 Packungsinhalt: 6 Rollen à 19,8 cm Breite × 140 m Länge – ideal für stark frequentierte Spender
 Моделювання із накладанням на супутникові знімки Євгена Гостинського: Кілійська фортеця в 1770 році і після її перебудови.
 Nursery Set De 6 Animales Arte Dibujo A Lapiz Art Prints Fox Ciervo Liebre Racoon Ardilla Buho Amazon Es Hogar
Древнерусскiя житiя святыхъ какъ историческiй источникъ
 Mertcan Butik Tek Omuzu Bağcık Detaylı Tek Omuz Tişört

********************

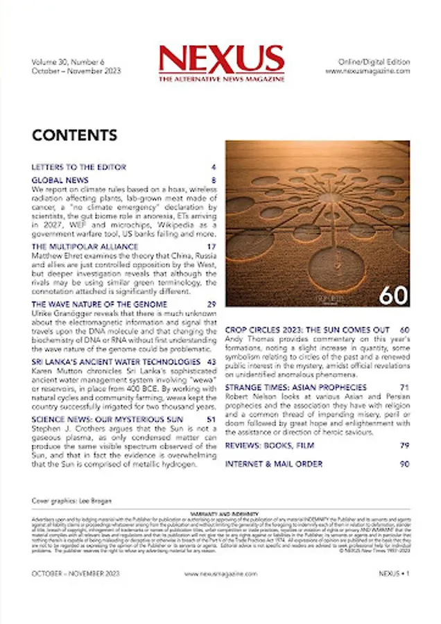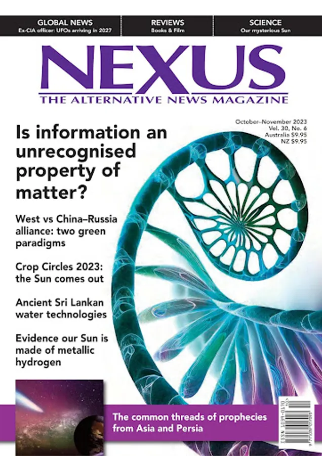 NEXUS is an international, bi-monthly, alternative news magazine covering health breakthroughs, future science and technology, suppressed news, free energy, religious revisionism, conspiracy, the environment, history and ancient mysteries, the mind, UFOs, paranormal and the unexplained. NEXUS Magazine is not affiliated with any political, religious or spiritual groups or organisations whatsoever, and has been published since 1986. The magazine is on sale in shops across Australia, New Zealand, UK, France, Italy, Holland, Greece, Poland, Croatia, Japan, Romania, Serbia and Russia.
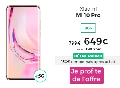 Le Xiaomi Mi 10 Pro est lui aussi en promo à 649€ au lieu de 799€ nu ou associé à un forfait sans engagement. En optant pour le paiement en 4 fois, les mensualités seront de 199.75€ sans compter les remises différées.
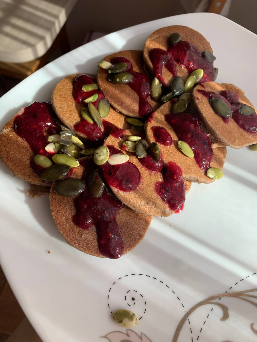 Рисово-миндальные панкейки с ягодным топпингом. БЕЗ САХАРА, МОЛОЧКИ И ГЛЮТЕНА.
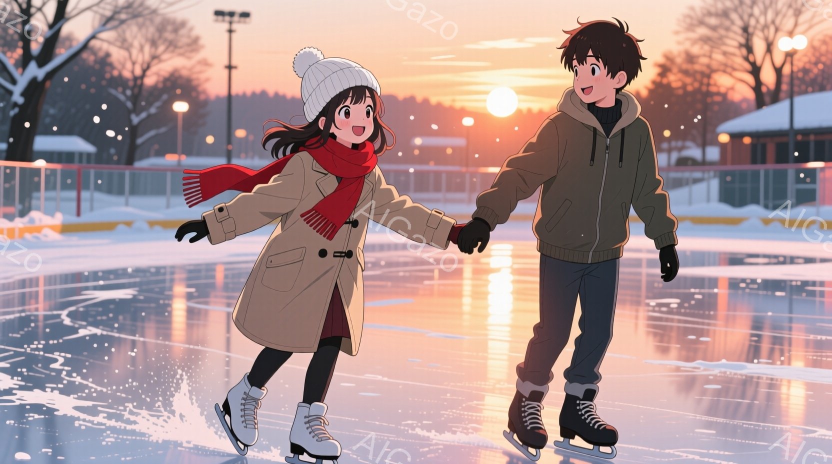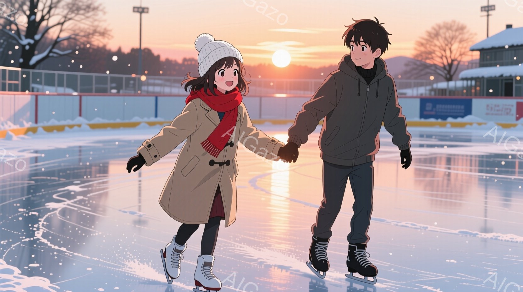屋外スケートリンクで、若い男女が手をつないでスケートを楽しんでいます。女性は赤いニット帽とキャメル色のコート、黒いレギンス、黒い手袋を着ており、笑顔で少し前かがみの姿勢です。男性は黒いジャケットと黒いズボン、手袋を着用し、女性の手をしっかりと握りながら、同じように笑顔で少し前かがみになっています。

********************

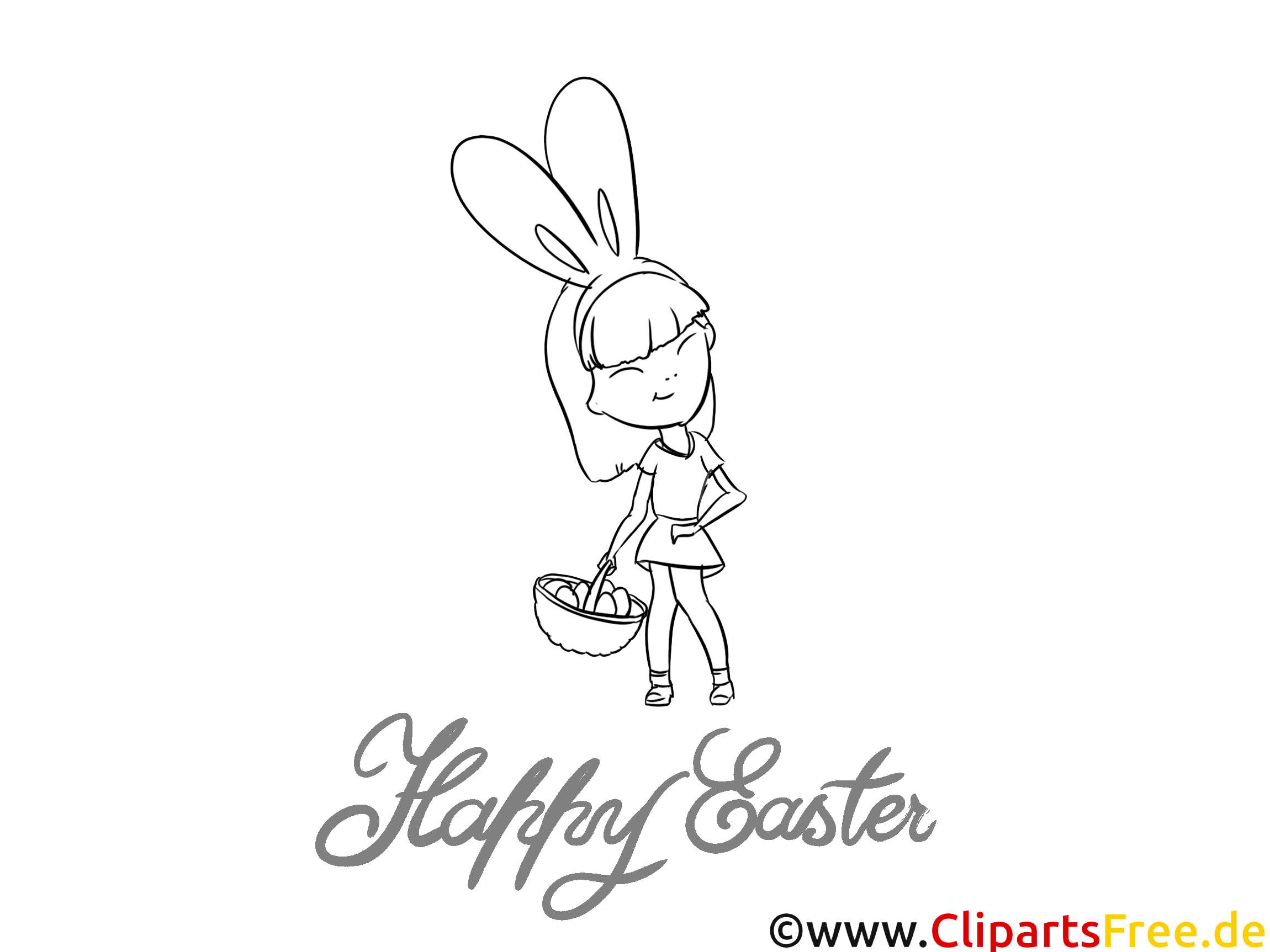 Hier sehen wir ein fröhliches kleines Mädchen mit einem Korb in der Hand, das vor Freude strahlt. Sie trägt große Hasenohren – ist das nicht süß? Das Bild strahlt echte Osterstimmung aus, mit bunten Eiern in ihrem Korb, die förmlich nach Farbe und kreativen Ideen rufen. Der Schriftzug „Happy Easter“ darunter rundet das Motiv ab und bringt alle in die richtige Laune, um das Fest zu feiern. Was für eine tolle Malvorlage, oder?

********************

Reproduce exactly, and only, the part of the listing above that begins at the line with "Nursery Set De" and goes on through the line with "Mertcan Butik Tek".

 Nursery Set De 6 Animales Arte Dibujo A Lapiz Art Prints Fox Ciervo Liebre Racoon Ardilla Buho Amazon Es Hogar
Древнерусскiя житiя святыхъ какъ историческiй источникъ
 Mertcan Butik Tek Omuzu Bağcık Detaylı Tek Omuz Tişört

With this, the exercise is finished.